Each Krios has a direct-electron detection camera fitted, and is mounted on a vibration absorbing pad inside its booth to keep its detectors as still as possible. Without this, they would be affected by vibrations as small as that caused by a person’s voice, a breeze, or currents in the adjacent Willamette river.
OHSU also has other microscopes, such as a Glacios Cryo-TEM, to pre-screen samples before using a Krios to get near-atomic resolution of selected images. Using a multi-million dollar Krios for pre-screening is overkill.

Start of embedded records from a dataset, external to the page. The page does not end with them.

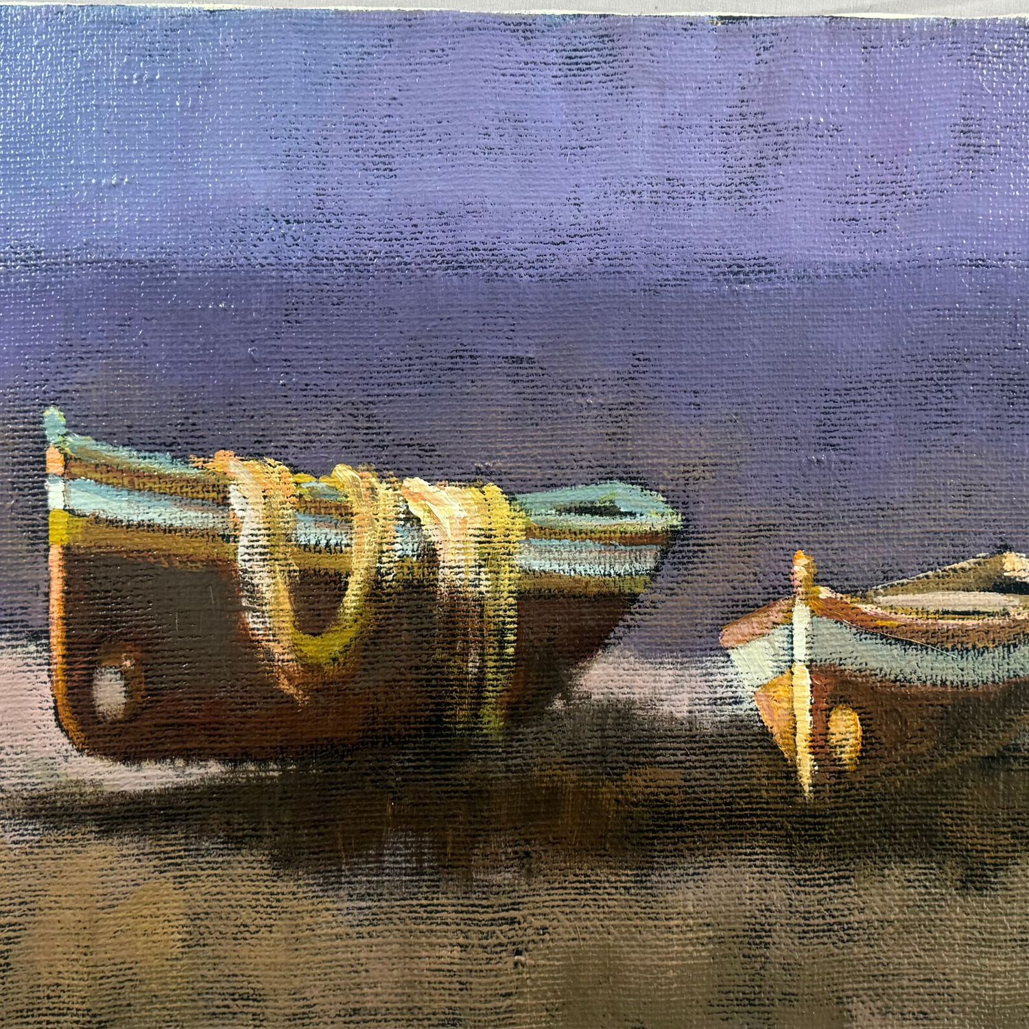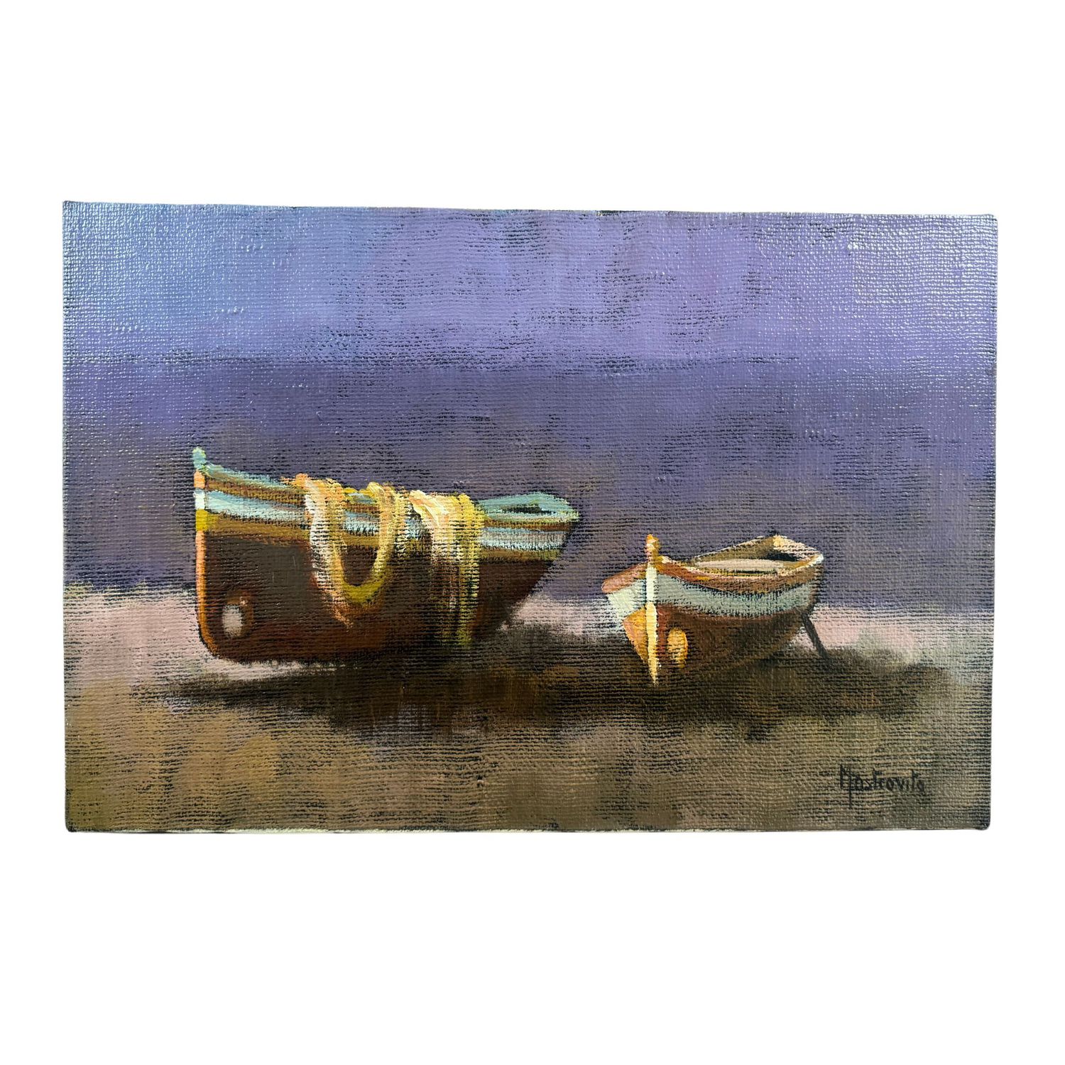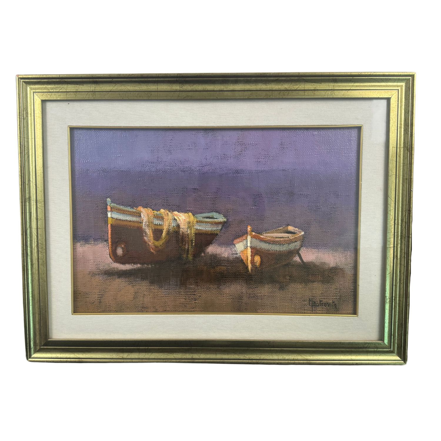 Dipinto olio su tela, periodo XX secolo scuola Italiana, raffigurante Barche a secco.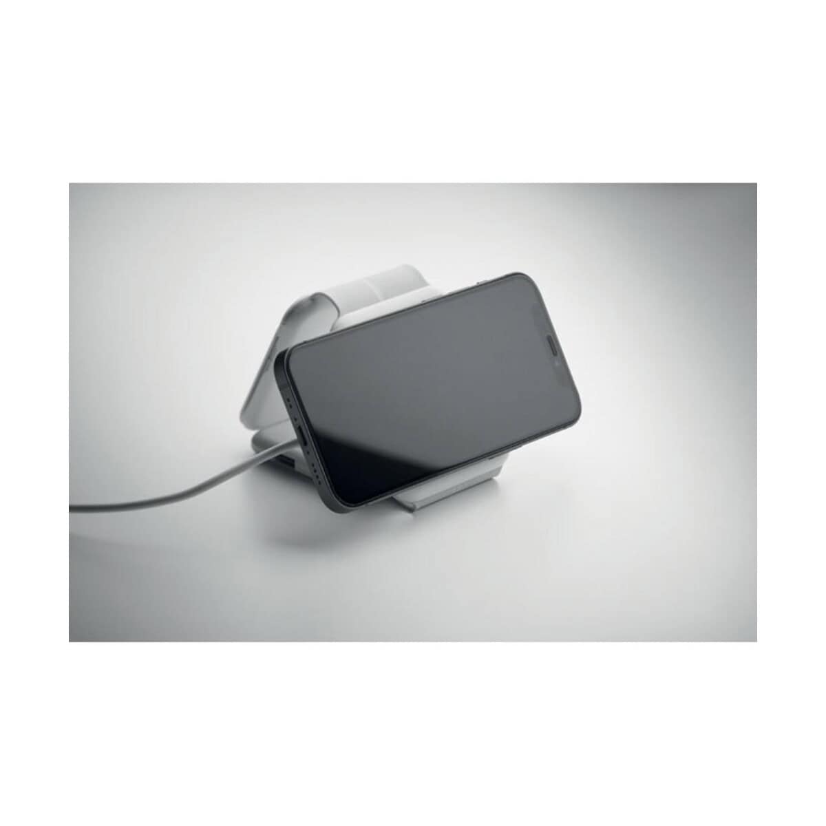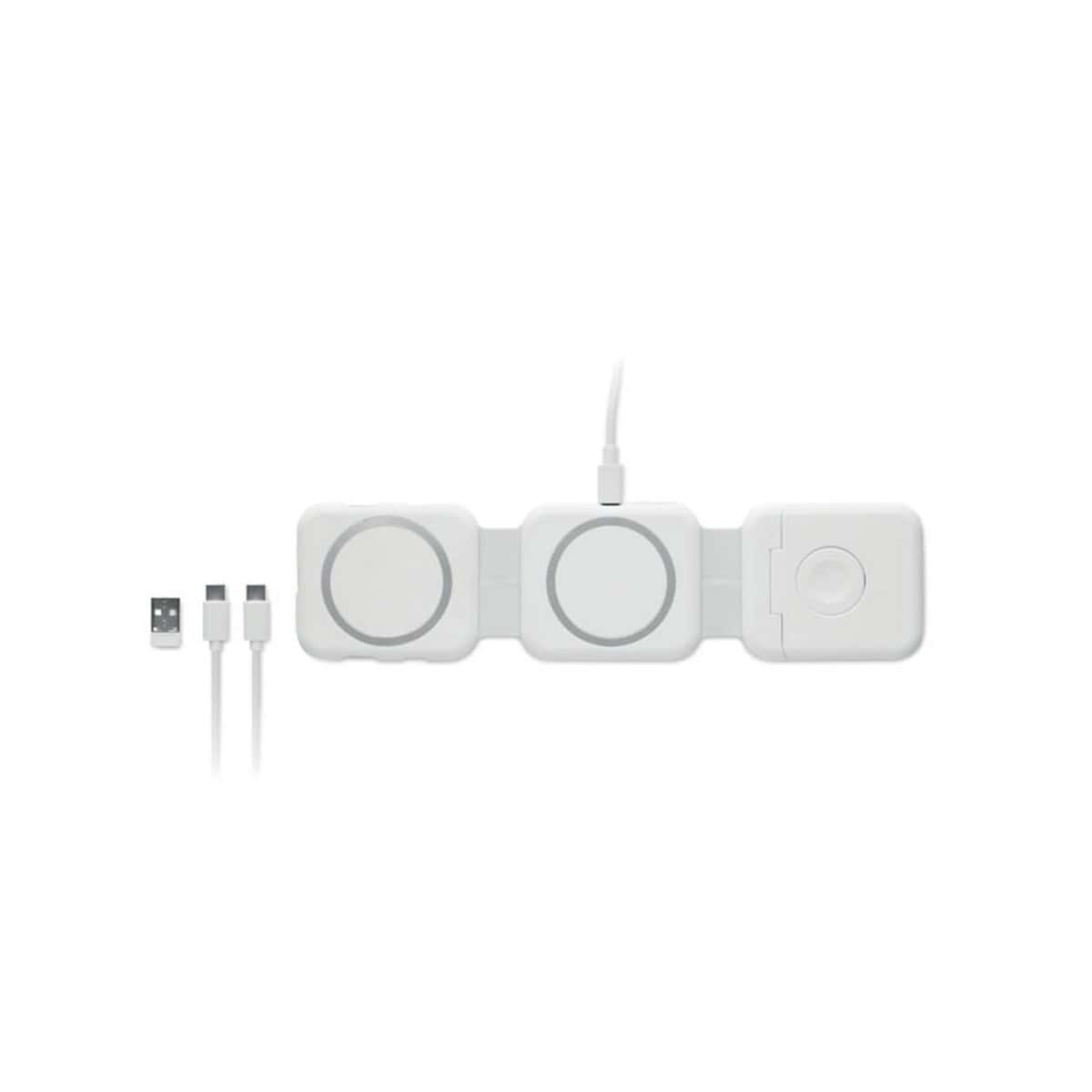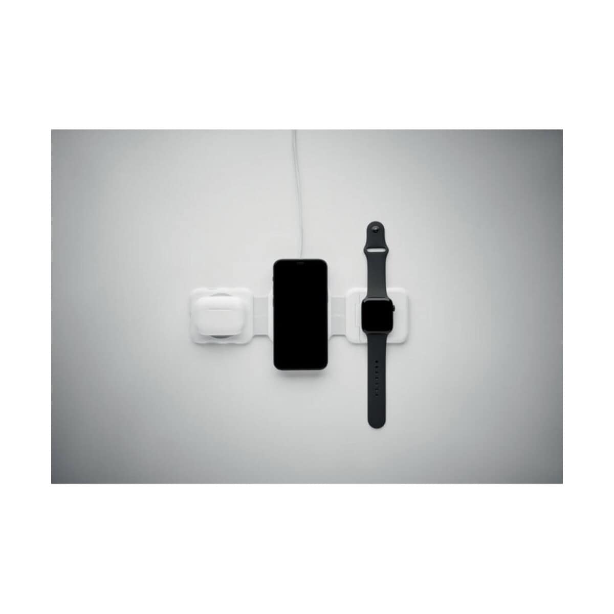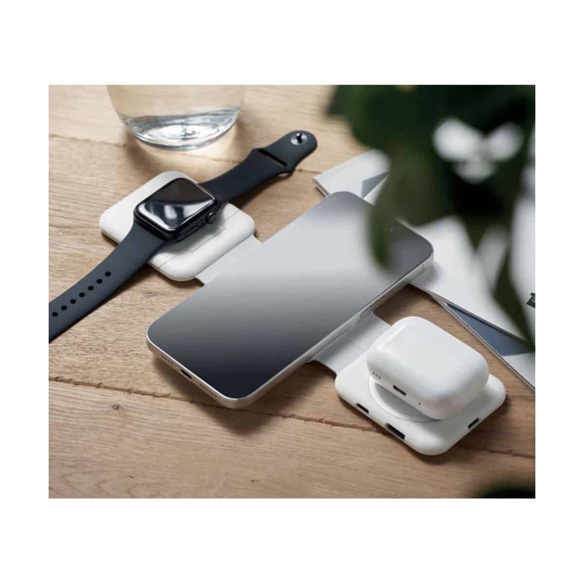 Składana stacja ładująca ROIS to nowoczesny, kompaktowy gadżet, który wprowadzi porządek na każdym biurku 😊. Zaprojektowana z trwałego ABS, w eleganckim białym kolorze, perfekcyjnie eksponuje logo i pozwala na czytelny nadruk promujący markę. Trzy niezależne punkty bezprzewodowego zasilania – 1 x 15 W, 1 x 5 W dla TWS oraz 1 x 3 W do Apple Watch – gwarantują szybkie odnowienie energii większości urządzeń mobilnych. Do tego 2 gniazda USB-A i 2 gniazda Type-C czynią produkt uniwersalnym centrum ładowania w domu, biurze czy w podróży.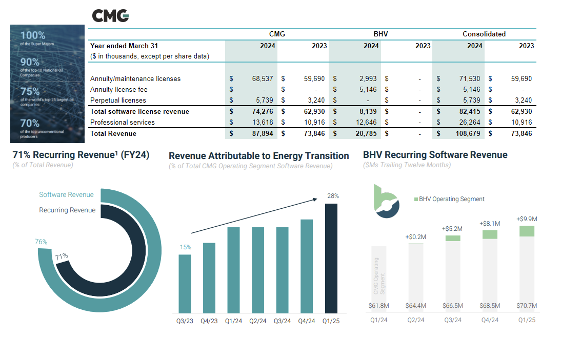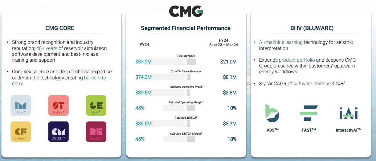 CMG’s reservoir simulation is critical to energy transition initiatives including carbon storage, geothermal and hydrogen. In fiscal 2024, 23% of software revenue in the CMG operating segment came from energy transition.

Each Krios generates an average 3TB of data a day, meaning 8 to 16TB/day for OHSU’s cryo-EM facility. We’re looking at around 120TB/week, up to 6.2PB/year, and that data has to be kept for use in the following 12 months or so. A proportion of it may be noise rather than signal, but the researchers may be able to pull out more signals from the noise with better algorithms in the future. So the data is kept.
There are 900 researchers using the cryo-EMs and accessing the data with up to 200 active projects at any given time.
Craig Yoshioka, a PhD and Research Associate Professor at OHSU directs its cryo-EM center. He said the original storage system was based on ZFS running on Linux servers. This could accept the data from the instruments fine, but could be slow at delivering it to the HPC apps.
The possible options he considered for fixing the slowness included simply scaling it up, or moving to a BeeGFS alternative, a Panasas system, a Quobyte cluster setup, VAST Data array, or a WekaIO file system. He specifically wanted a distributed file system accessed via a centralized web interface with a single namespace and intuitive management utilities.
He inspected Quobyte in November last year, liked what he saw, and decided to use its software running on a mix of hard disk and solid state drives. His team had migrated and loaded 1.5PB of data onto the Quobyte system by January this year and the system is working just fine.
Quobyte is doing well in Oregon. Another customer there is The Center for Quantitative Life Sciences (CQLS) at Oregon State University.